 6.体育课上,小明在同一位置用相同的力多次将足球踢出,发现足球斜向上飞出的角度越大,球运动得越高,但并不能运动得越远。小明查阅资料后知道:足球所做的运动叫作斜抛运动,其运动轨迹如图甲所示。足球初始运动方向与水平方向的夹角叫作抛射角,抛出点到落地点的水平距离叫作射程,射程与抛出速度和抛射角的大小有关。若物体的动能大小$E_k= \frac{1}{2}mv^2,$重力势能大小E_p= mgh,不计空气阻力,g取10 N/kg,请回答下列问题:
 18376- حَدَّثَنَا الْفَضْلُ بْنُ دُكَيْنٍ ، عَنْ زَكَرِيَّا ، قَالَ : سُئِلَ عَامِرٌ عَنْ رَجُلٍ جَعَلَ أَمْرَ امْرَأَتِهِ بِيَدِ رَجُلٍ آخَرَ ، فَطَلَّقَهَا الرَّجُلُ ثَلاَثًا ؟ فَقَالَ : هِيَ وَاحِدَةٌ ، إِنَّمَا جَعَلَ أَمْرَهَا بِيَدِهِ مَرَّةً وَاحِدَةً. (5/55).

+++

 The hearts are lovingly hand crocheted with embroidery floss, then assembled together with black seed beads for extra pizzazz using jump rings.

+++

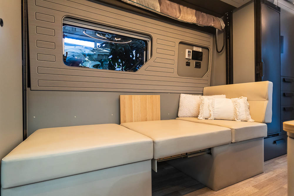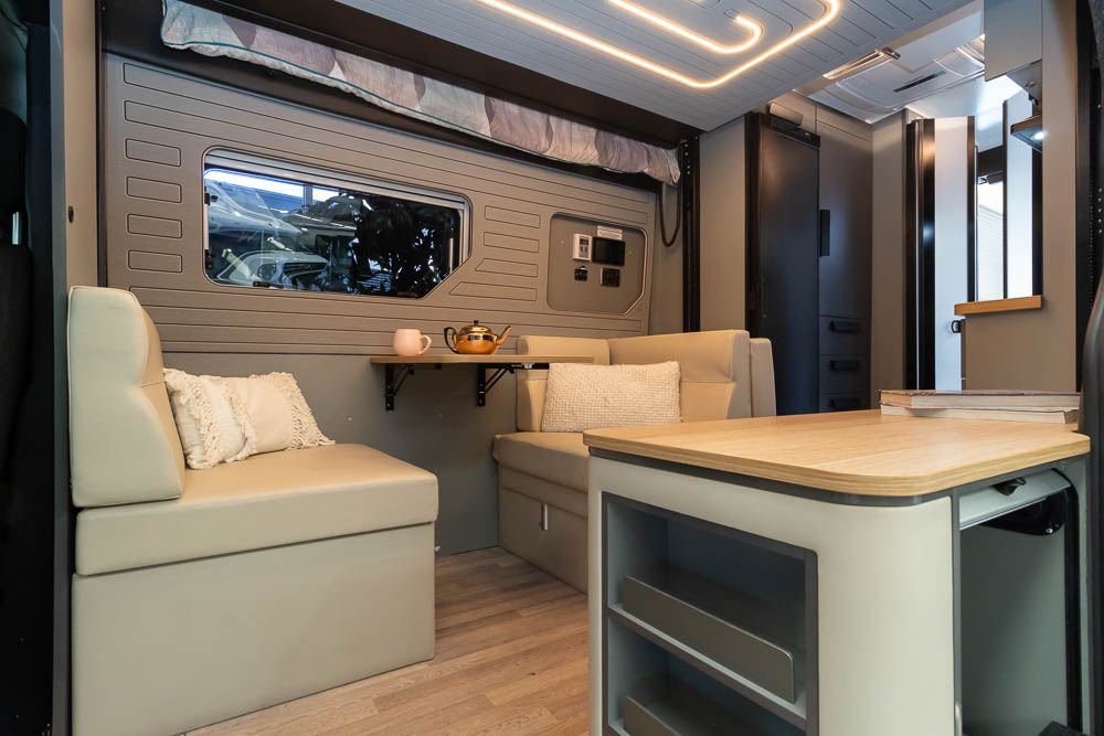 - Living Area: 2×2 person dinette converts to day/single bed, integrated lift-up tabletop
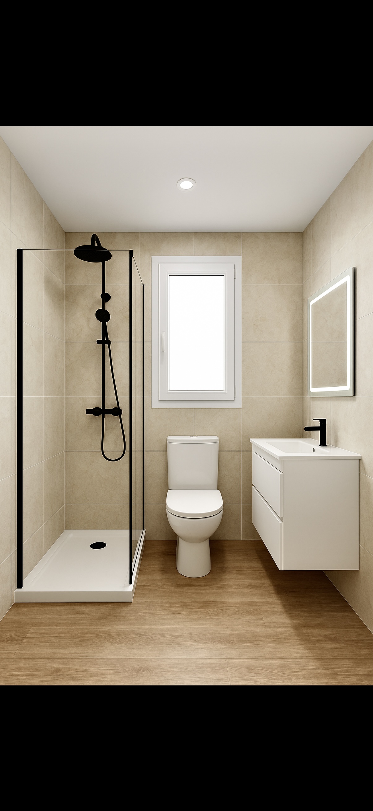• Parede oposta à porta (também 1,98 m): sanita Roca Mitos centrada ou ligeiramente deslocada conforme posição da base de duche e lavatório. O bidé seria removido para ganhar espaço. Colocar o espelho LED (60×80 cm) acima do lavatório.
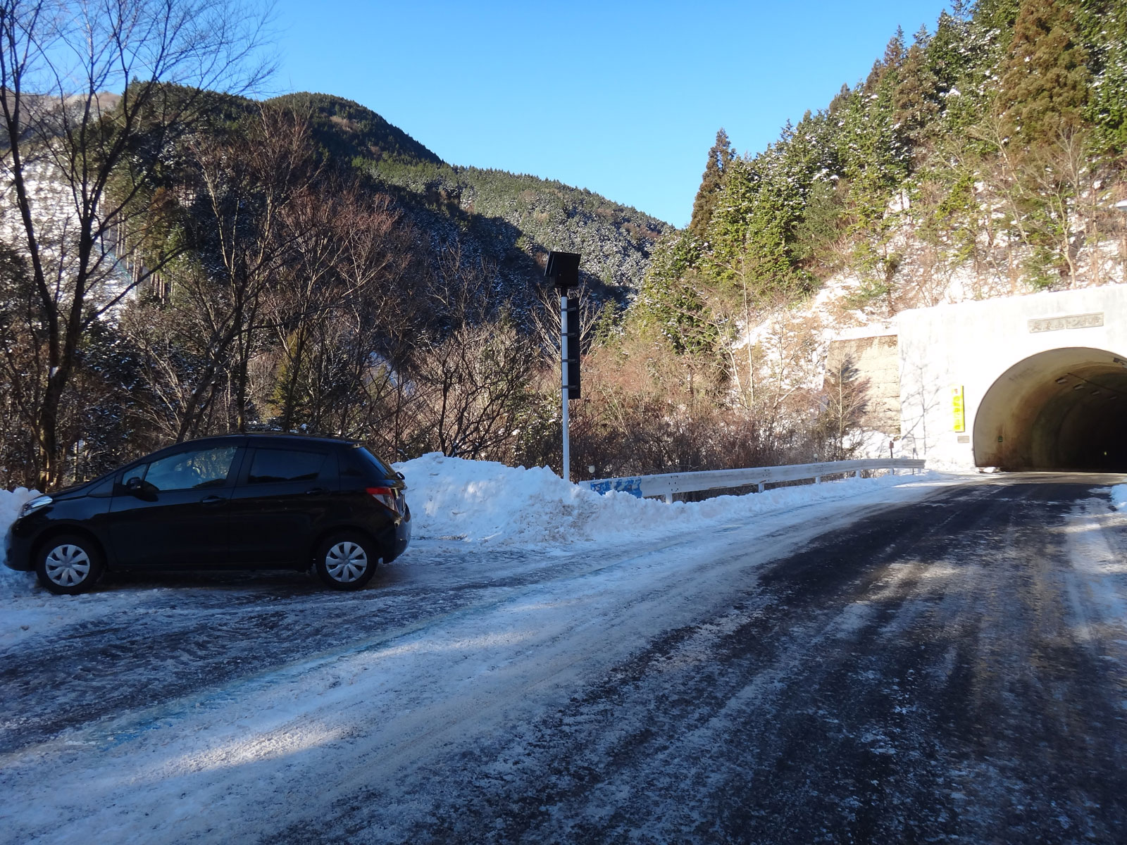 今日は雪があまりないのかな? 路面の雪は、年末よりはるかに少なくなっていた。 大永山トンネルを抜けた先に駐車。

+++

**What the task requires**.
Copy needed, without pictures: the lines of the listing above from the line containing "- Living Area: 2×2" up to and including the line containing "今日は雪があまりないのかな? 路面の雪は、年末よりはるかに少なくなっていた。 大永山トンネルを抜けた先に駐車。", set down exactly.

**Response**.
 - Living Area: 2×2 person dinette converts to day/single bed, integrated lift-up tabletop
• Parede oposta à porta (também 1,98 m): sanita Roca Mitos centrada ou ligeiramente deslocada conforme posição da base de duche e lavatório. O bidé seria removido para ganhar espaço. Colocar o espelho LED (60×80 cm) acima do lavatório.
 今日は雪があまりないのかな? 路面の雪は、年末よりはるかに少なくなっていた。 大永山トンネルを抜けた先に駐車。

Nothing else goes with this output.